=== TASK DIRECTIONS ===
With the pictures left out, reproduce exactly the lines running from the line with "Samsung Galaxy Note" to the last line of the material below.

=== DATA PROVIDED ===
════════

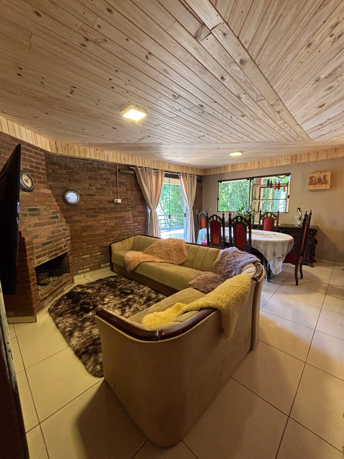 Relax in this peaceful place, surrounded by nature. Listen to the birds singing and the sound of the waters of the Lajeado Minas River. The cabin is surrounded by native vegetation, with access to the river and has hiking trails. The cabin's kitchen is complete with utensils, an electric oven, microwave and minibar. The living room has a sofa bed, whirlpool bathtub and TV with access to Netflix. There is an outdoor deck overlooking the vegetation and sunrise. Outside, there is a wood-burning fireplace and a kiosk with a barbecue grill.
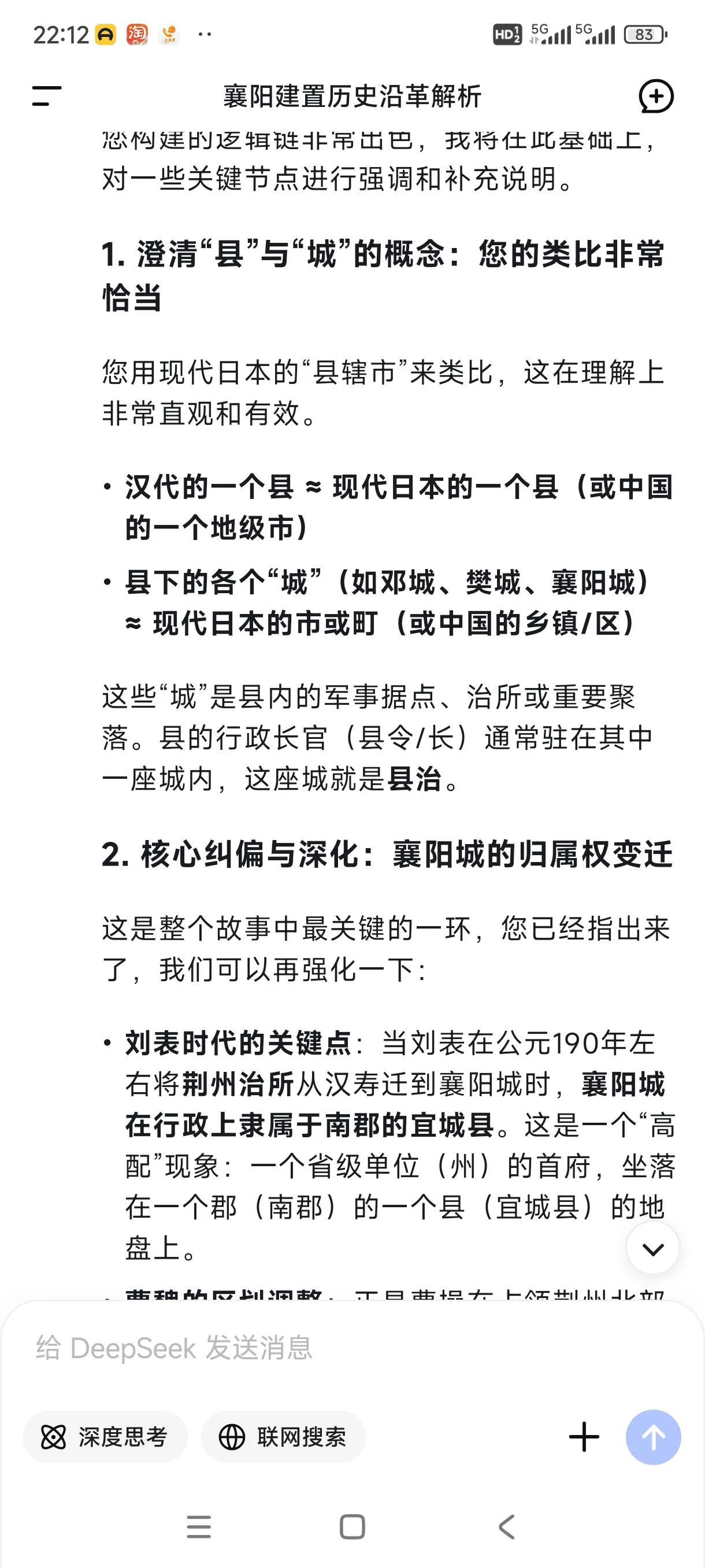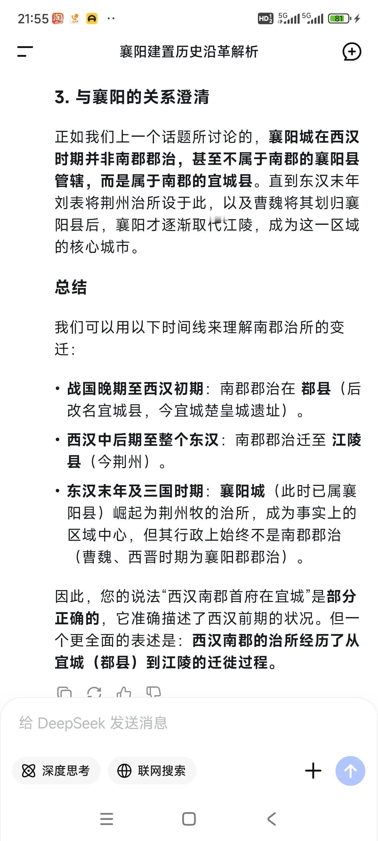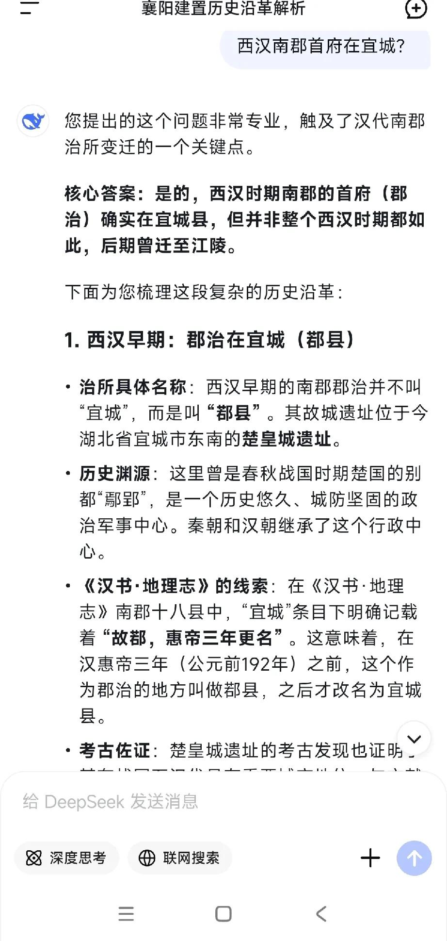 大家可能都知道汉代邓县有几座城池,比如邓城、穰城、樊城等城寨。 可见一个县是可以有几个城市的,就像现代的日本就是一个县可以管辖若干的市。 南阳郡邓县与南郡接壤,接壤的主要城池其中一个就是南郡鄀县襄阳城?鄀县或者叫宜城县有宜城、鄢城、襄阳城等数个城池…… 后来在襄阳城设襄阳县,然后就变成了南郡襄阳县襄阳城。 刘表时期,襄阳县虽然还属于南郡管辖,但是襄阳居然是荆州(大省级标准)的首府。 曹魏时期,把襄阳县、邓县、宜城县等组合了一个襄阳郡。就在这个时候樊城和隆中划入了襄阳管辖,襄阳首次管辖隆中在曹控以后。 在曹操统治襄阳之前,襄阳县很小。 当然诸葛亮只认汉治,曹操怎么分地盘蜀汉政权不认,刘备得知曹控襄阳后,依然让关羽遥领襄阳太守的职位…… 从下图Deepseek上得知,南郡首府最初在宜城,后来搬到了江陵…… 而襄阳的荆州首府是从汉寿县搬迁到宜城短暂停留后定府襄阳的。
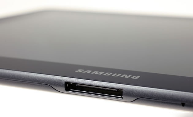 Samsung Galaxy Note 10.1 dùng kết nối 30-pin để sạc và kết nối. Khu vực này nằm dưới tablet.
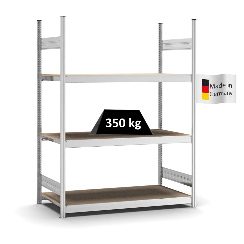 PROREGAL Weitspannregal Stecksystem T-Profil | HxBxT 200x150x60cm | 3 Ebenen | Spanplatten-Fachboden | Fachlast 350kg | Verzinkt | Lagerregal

════════

=== THE COMPLETED TASK ===
 Samsung Galaxy Note 10.1 dùng kết nối 30-pin để sạc và kết nối. Khu vực này nằm dưới tablet.
 PROREGAL Weitspannregal Stecksystem T-Profil | HxBxT 200x150x60cm | 3 Ebenen | Spanplatten-Fachboden | Fachlast 350kg | Verzinkt | Lagerregal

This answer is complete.